Agarwal: I think it's difficult to interpret these things. We wouldn't decide on behalf of the customer as to what OS they wanted to use but rather offered them a choice. That is good business sense because we knew that adoption of windows 8 could be a little slow because of this touch association, so we decided to adopt windows 7 and continue to sell it.
CW: Lenovo tied up with EMC last year to boost their server and storage business? What business implications did it have for the channel?
Agarwal: It's still an evolving process. Some parts of the relationship have been initiated and for some parts, research and development is going on to develop the particular portfolio. Globally, we have already started selling Iomega products and it's totally sold through our channel partners. We have roped in new partners to sell these products and we have started to push the Iomega brand in India in a big way.
Also at the same time, our legacy partners will get a new product to sell which is going to be an expansion of their footprint. These partners will be able to give us new customers from newer markets areas in India.
CW: Has Microsoft antagonized its OEM partners such as Lenovo with its decision to build its own hardware?
Agarwal: There is no place for anger or antagonism in business. But the interesting part lies in the whole paramount of change that the whole industry has gone through. The success of behemoths like Apple has forced folks like Google and Microsoft to go into hardware apart from software. Whether they will succeed or not is yet to be seen. But as of now we are not planning in that direction and our declared agenda is not to get into services and software.
Also, Microsoft's Surface sales has not affected us and more so because there is a lot of ambiguity on the release of Surface in India.

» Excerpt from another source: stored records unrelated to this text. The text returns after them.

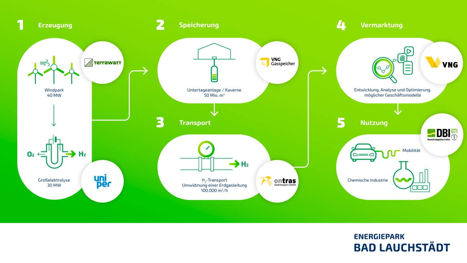Mit dem nun eingegangenen Fördermittelbescheid kann das Projekt jetzt unmittelbar seine Arbeit aufnehmen. Hinter dem „Energiepark Bad Lauchstädt“ steht ein Unternehmenskonsortium aus der Terrawatt Planungsgesellschaft mbH, der Uniper, der VNG Gasspeicher GmbH (VGS), der ONTRAS Gastransport GmbH (ONTRAS), dem DBI – Gastechnologisches Institut gGmbH Freiberg (DBI) sowie der VNG AG.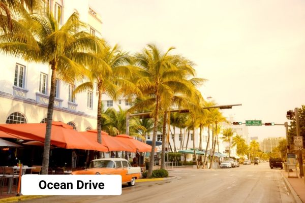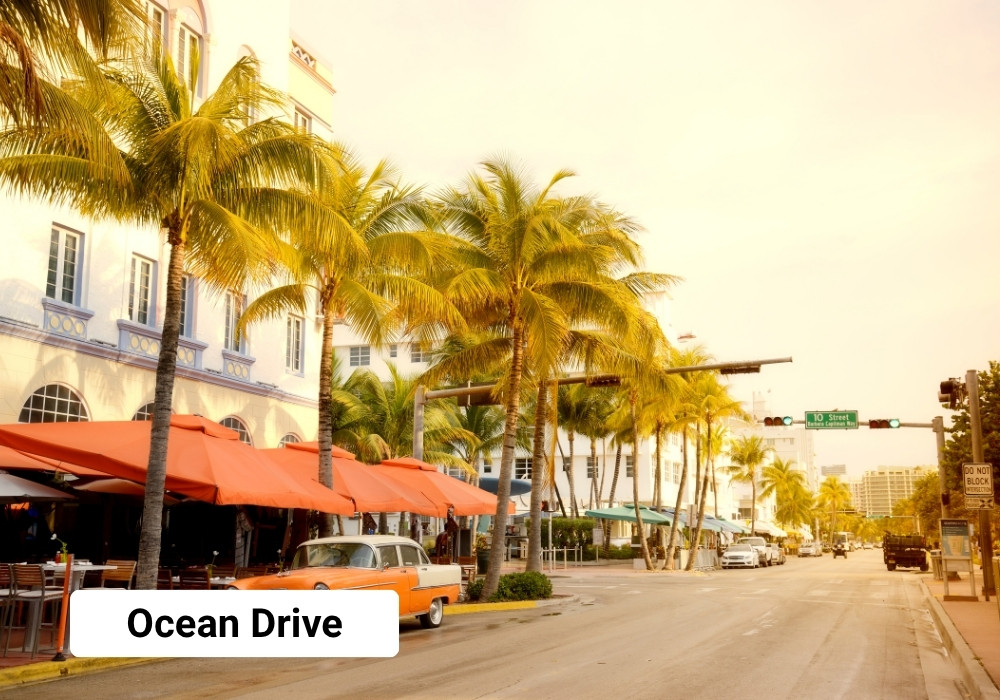 Najsłynniejsza, a na pewno najbardziej malownicza ulica Miami to prawdziwa uczta dla oczu. Piękne budynki wybudowane w stylu art deco, barwne neony i pastelowe kolory elewacji sprawiają, że całość robi wrażenie nieco bajkowej i sielankowej okolicy, jak sprzed wielu lat. Warto wiedzieć, że Ocean Drive stanowi największe skupisko budowli art deco na całym świecie, co czyni ją zupełnie wyjątkową. Unikalności dodaje jej również fakt, że klasyczny styl został w tym przypadku uzupełniony kolorowymi malowidłami, które komponują się z otoczeniem. Na ścianach budynków znajdziemy zarówno barwne papugi, palmy, jak i słoneczne plaże. Jednym słowem wszystko, co kojarzy się z radosnym Miami. Mnogość restauracji, butików, knajp i kawiarni przyciąga turystów z całego świata.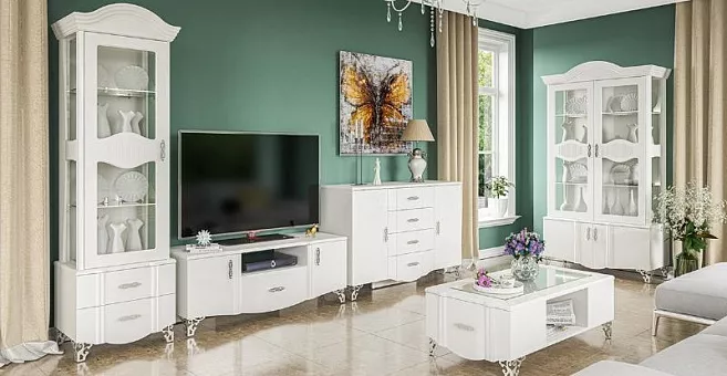 Коллекция «София» создана белорусской фабрикой Неман. Плавные изгибы, глянец фасада и необычные металлические детали дополнят интерьер в романтическом стиле. Фасад: МДФ-16мм, крышка МДФ-22мм Kronospan Szczecinek (Польша) + ПВХ Imawell (Германия).

But having said that, it's difficult to predict how successfully they will be able to handle software and hardware together.
CW: But having said that don't you think your Chromebook designed for the education market is a direct fallout from Microsoft windows 8. Would steps like these among vendors like yours help take advantage of Microsoft's weakness as a software giant?
Agarwal: To be honest, it is. But we do not look at Microsoft as a competitor but as a partner.
CW: Do you think Lenovo deciding to drop the Iomega brand name on joint EMC products would augur well for the partners as the name was associated with the consumer level products?
Agarwal: That's not true. We are presently selling Iomega under the brand name itself. We are not removing the brand name. It is a good brand for storage and for small businesses and consumers; we would want to leverage that. In the short term, it would not kill the Iomega brand.